Basic use is very similiar to Coqui-ai TTS, you can check their documentation and the <lang-iso_code>.

!Note: Use non-overlapping subtitles with an optimal Character per Second / CPS for best result

from subtoaudio import SubToAudio

#Using the Fairseq English speaker model as the default
#The code will output 'yoursubtitle.wav' in the current directory.
sub = SubToAudio(gpu=True)
subtitle = sub.subtitle("yoursubtitle.srt")
sub.convert_to_audio(sub_data=subtitle)

#you can choose 1100 different language using fairseq model
sub = SubToAudio(language='<lang-iso_code>')
subtitle = sub.subtitle("yoursubtitle.ass")
sub.convert_to_audio(sub_data=subtitle) 

#specify model name
sub = SubToAudio(model_name="tts_models/multilingual/multi-dataset/your_tts")
subtitle = sub.subtitle("yoursubtitle.srt")
sub.convert_to_audio(sub_data=subtitle, output_path="subtitle.wav")

#specify model and config path
sub = SubToAudio(model_path="path/to/your/model.pth" config_path="config/path.json")
subtitle = sub.subtitle("yoursubtitle.srt")
sub.convert_to_audio(sub_data=subtitle)

#By default, it is using "speaker=tts.speakers[0]/None, 
#language=tts.languages[0]/None, speaker_wav=None
sub = SubToAudio(model_name="tts_models/multilingual/multi-dataset/your_tts")
subtitle = sub.subtitle("yoursubtitle.srt")
sub.convert_to_audio(sub_data=subtitle, language="en", speaker="speakername", speaker_wav="your/path/speaker.wav", output_path="subtitle.wav")

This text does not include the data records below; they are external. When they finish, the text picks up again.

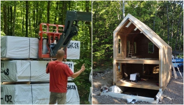 Панели дома собираются на производстве и в готовом виде доставляются на место установки, что в разы сокращает время строительства (Catskills Cabin, Кэтскилл).
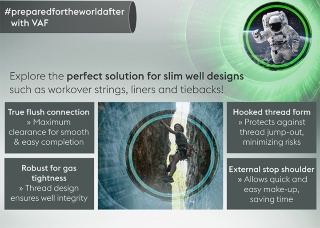 Sie sind auf der Suche nach der perfekten Lösung für enge Bohrstellen? Mit VAF bieten wir das optimale Produkt für diese Anwendung. Einen Meilenstein feiern wir mit der Veröffentlichung des neuen Proprietary Grades Kataloges: unser Produktportfolio wurde um 13CR Güten erweitert. Wir sind mehr als bereit für extreme Bedingungen mit unserer neuen Premium Gewindeverbindung VAsuperior®-ET. Wir sorgen uns um die Zukunft und übernehmen soziale Verantwortung mit unseren nachhaltigen Maßnahmen.
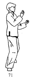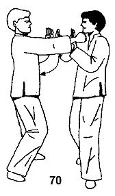 Вы блокируете удар одновременно двумя руками. Правая выполняет блок Джан Сау, левая — У Сау (рис. 70).
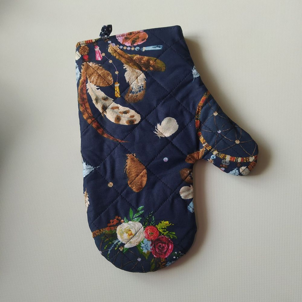 je ušita z bavlněné látky. Na délku má 27cm. Uvnitř je Termolín AL, což je hliníková folie s netkanou textilií, která má dobré tepelně-izolační vlastnosti. Chňapka má magnet i poutko. V závislosti na vzoru na látce, se může vysledný vzhled lišit
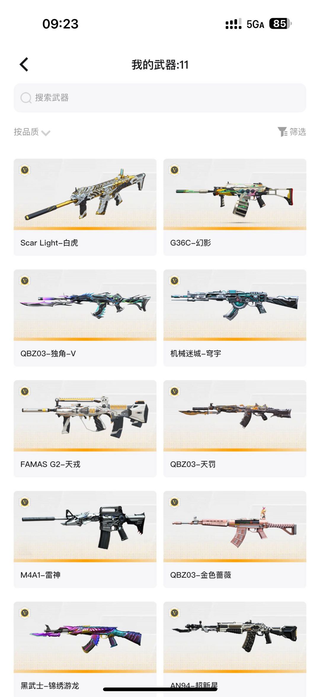 爆破号M200幻神、G36C-幻影、白虎、天罚 金色蔷薇、天戎、炽芒蝶刃
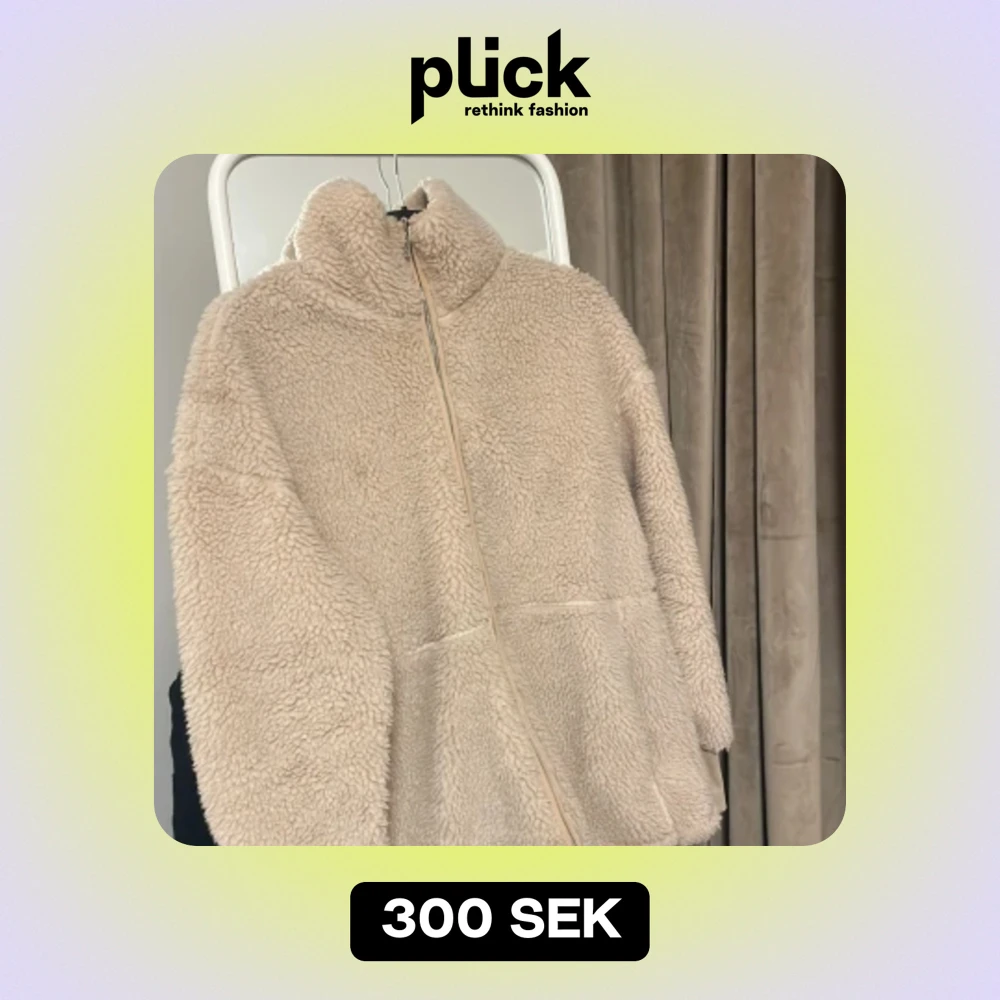 Mysig beige teddyjacka perfekt för kyliga dagar. Jackan har en dragkedja framtill och är långärmad.
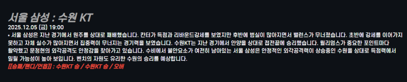 서울 삼성 : 수원 KT
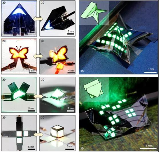 在此次研究出的超薄QLED可以自由自在地折叠。成功制作出了具有蝴蝶、飞机、金字塔等复杂结构的3D可折叠QLED。
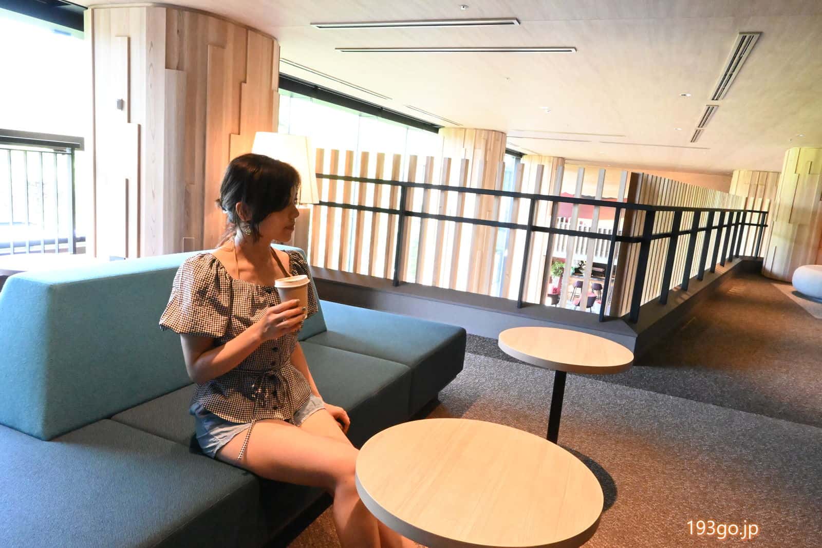 ロビーラウンジでは、ゆったりしたソファーに座って、コーヒーがセルフサービスで楽しめる。
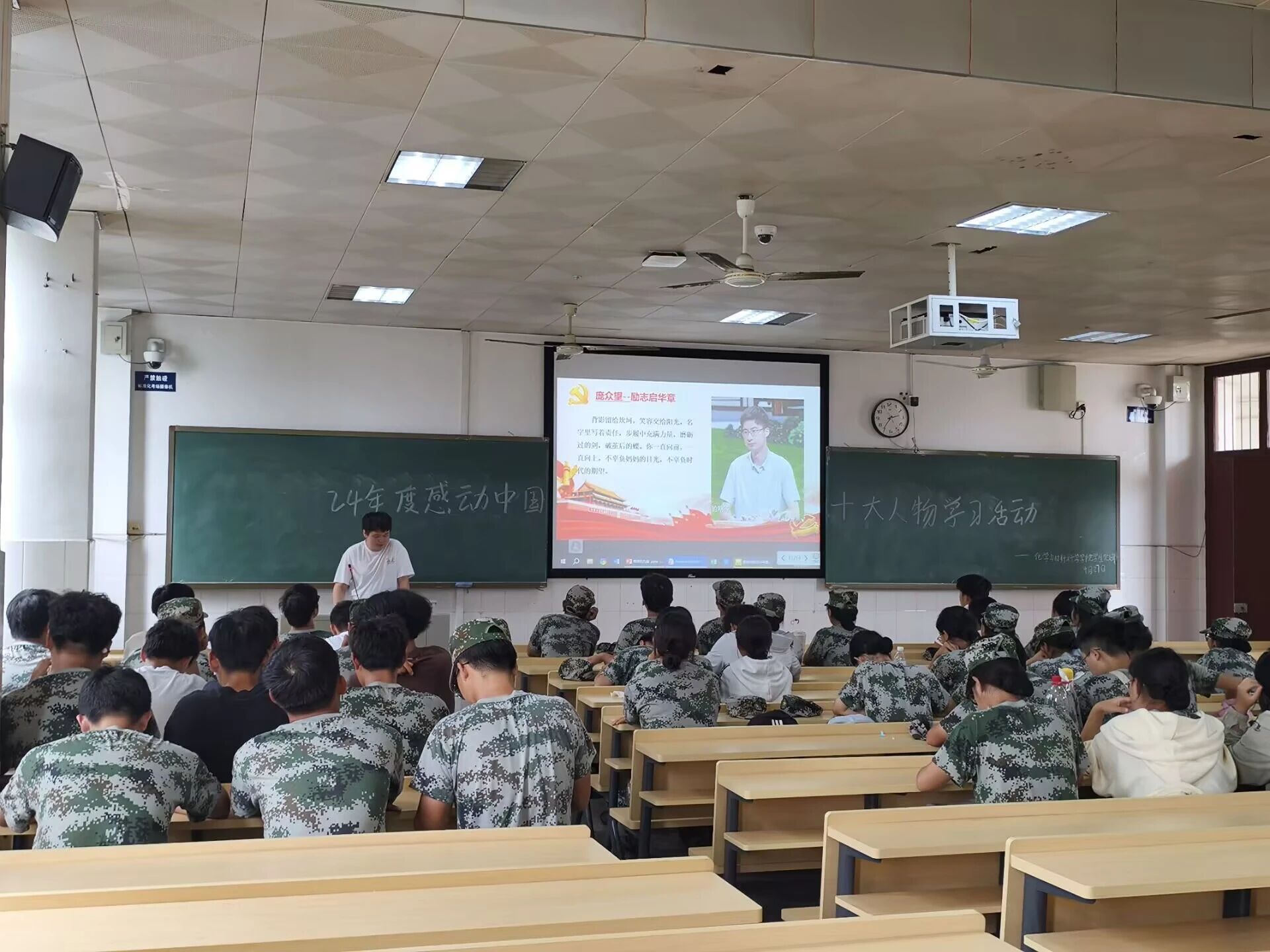 主讲人结合党员使命与实践感悟,带领新生学习《感动中国》十大人物事迹。宣讲时,主讲人深度阐释颁奖词,结合相关案例,配合纪实视频,生动呈现杰出代表人物的奉献精神。新生们深受感染,对社会主义核心价值观有了更直观的体会,纷纷表示要以榜样为镜,将奉献精神转化为日常学习生活的实际行动。
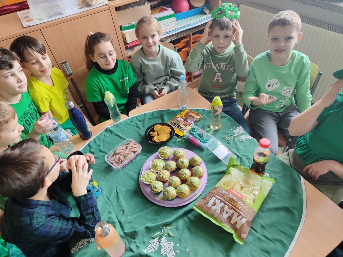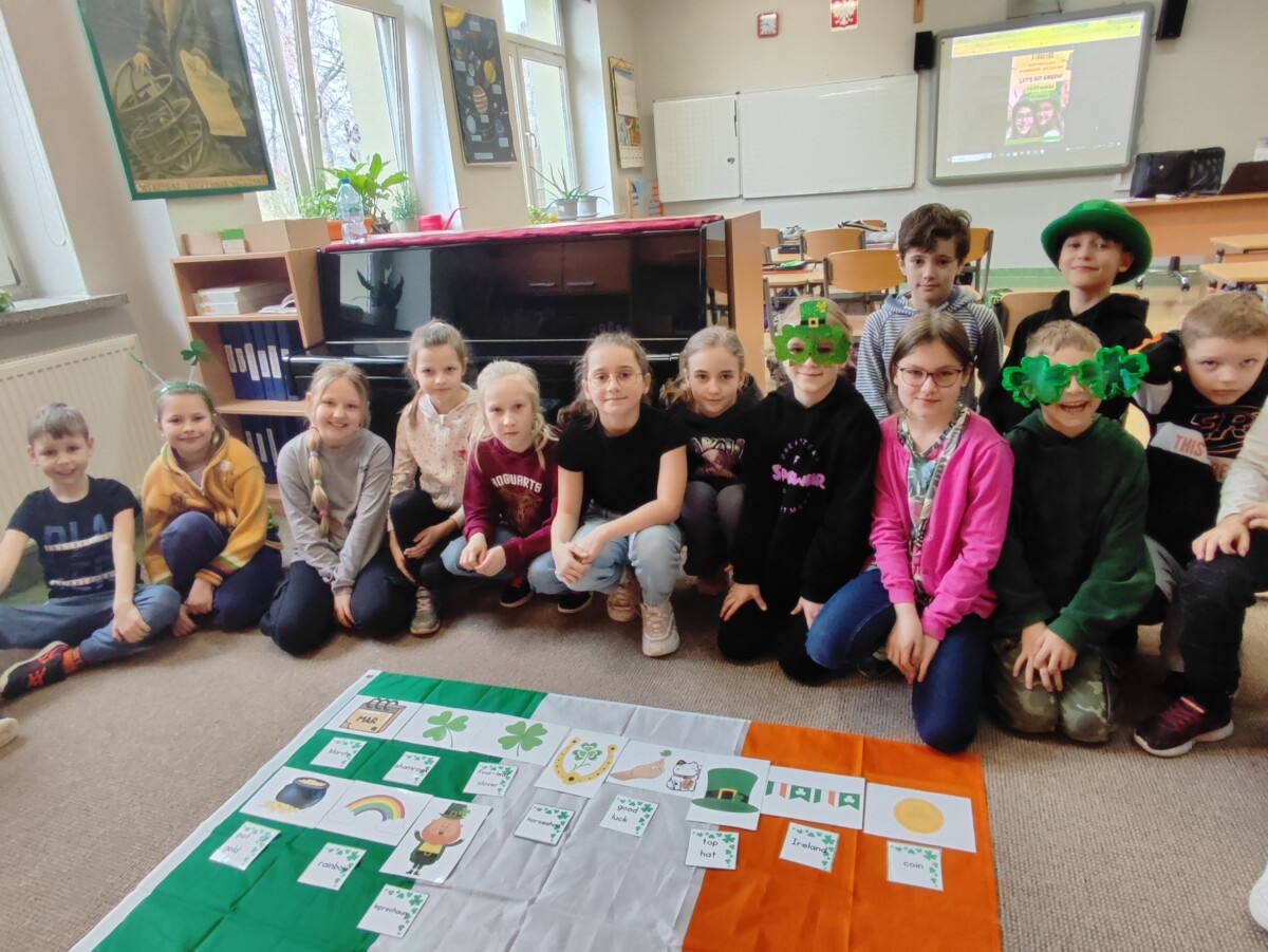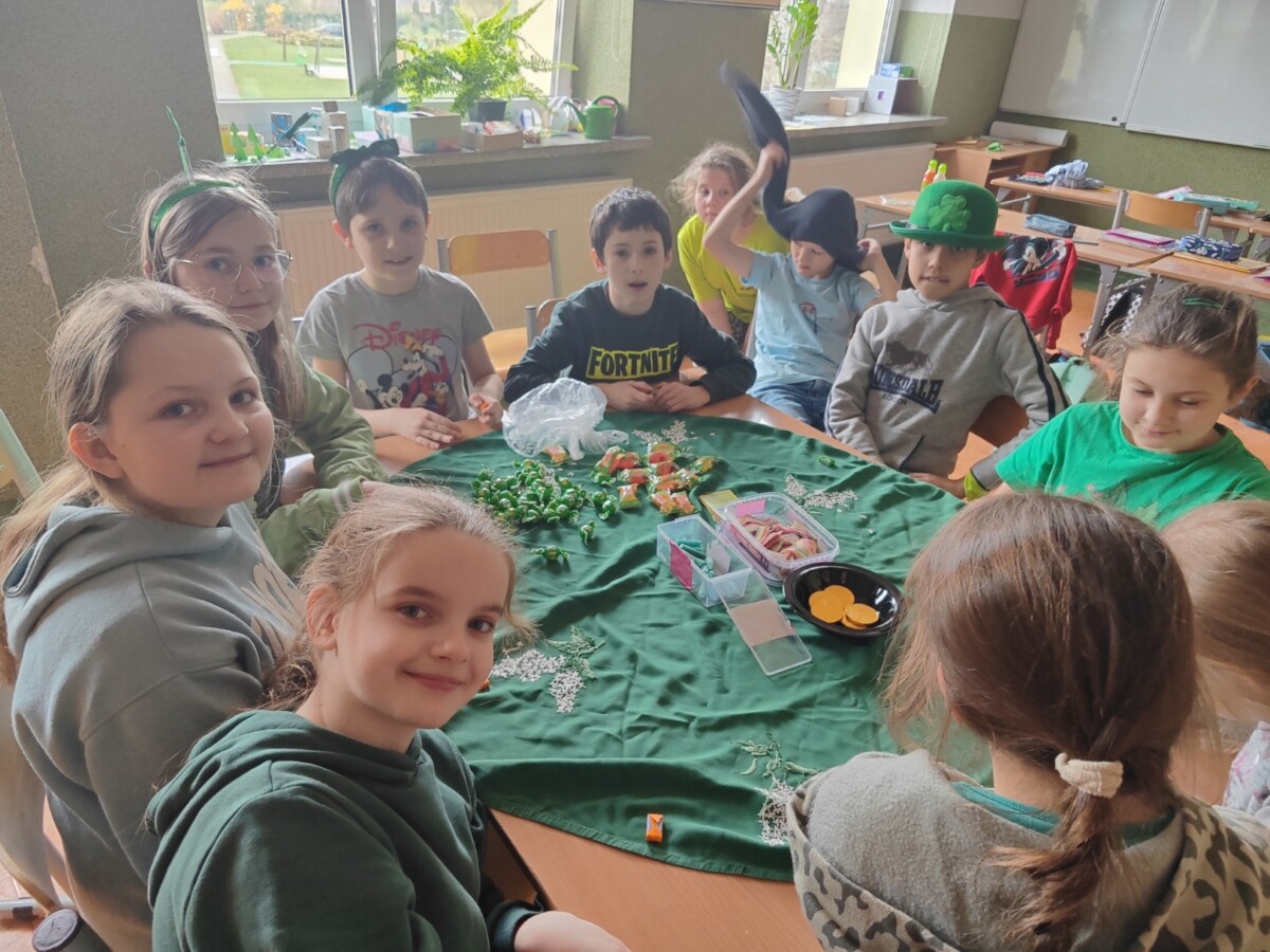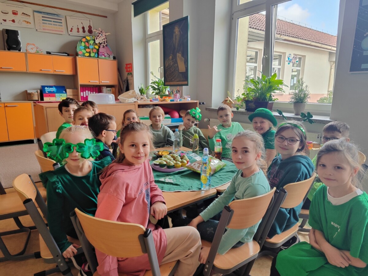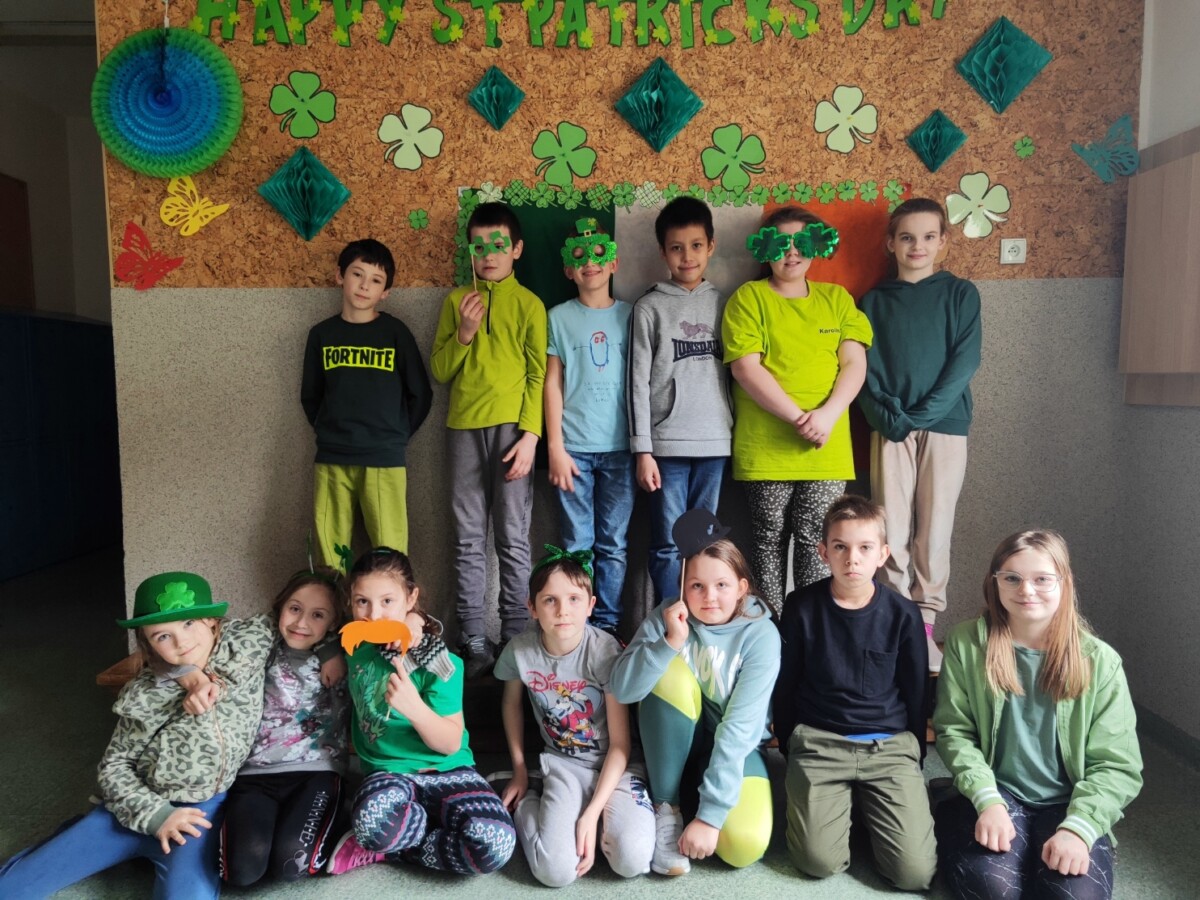 W dniach 13-19 marca uczniowie naszej szkoły wzięli udział w ogólnopolskim wydarzeniu kulturowym „Let’s Go Green” zorganizowanym z okazji Dnia Świętego Patryka. Na lekcjach języka angielskiego klasy poznały bliżej biografię Świętego Patryka oraz kulturę i tradycję Irlandii. Na uczniów czekało wiele wyzwań, takich jak liczenie do 10 po irlandzku oraz odtańczenie Irish Jig Dance. Uczniowie przygotowali także dekoracje, lapbooki i plakaty prezentujące ciekawostki związane z Zielonym Świętem. Starsze klasy wzięły również udział w grze terenowej, w której poszukiwali ciekawostek o Irlandii rozmieszczonych na szkolnym korytarzu. W ramach podsumowania wydarzenia uczniowie całej szkoły ubrali się na zielono, a w nagrodę czekała na nich mini fotobudka i słodkie poczęstunki. Wybrane zespoły z klas 4-7 wzięły udział w szkolnym konkursie „Let’s go green”, który sprawdził ich wiedzę na temat Zielonej Wyspy oraz Świętym Patryku. Najlepiej poradzili sobie przedstawiciele klasy 5: Paweł Kossak, Maksymilian Ledwolorz i Kuba Śmiarowski.

#Save temporary audio to current folder
sub = SubToAudio(model_name="tts_models/multilingual/multi-dataset/your_tts")
subtitle = sub.subtitle("yoursubtitle.srt")
sub.convert_to_audio(sub_data=subtitle, output_path="subtitle.wav", save_temp=True)

Tempo Mode

Use the tempo_mode parameter to speed up the audio. There are three tempo modes:

  • tempo_mode="all" : This accelerates all audio. Use tempo_speed=float to specify the speed.
  • tempo_mode="overflow" : This accelerates the audio to match the total subtitle duration plus the blank duration before the next subtitle appears. 'tempo_limit' will limit the speed increase during overflow.
  • tempo_mode="precise" : This accelerates the audio to match the duration the subtitle appears."
from subtoaudio import SubToAudio

#Speed up tempo or speech rate
sub = SubToAudio(gpu=True)
subtitle = sub.subtitle("yoursubtitle.srt")
sub.convert_to_audio(sub_data=subtitle, tempo_mode="all", tempo_speed=1.3)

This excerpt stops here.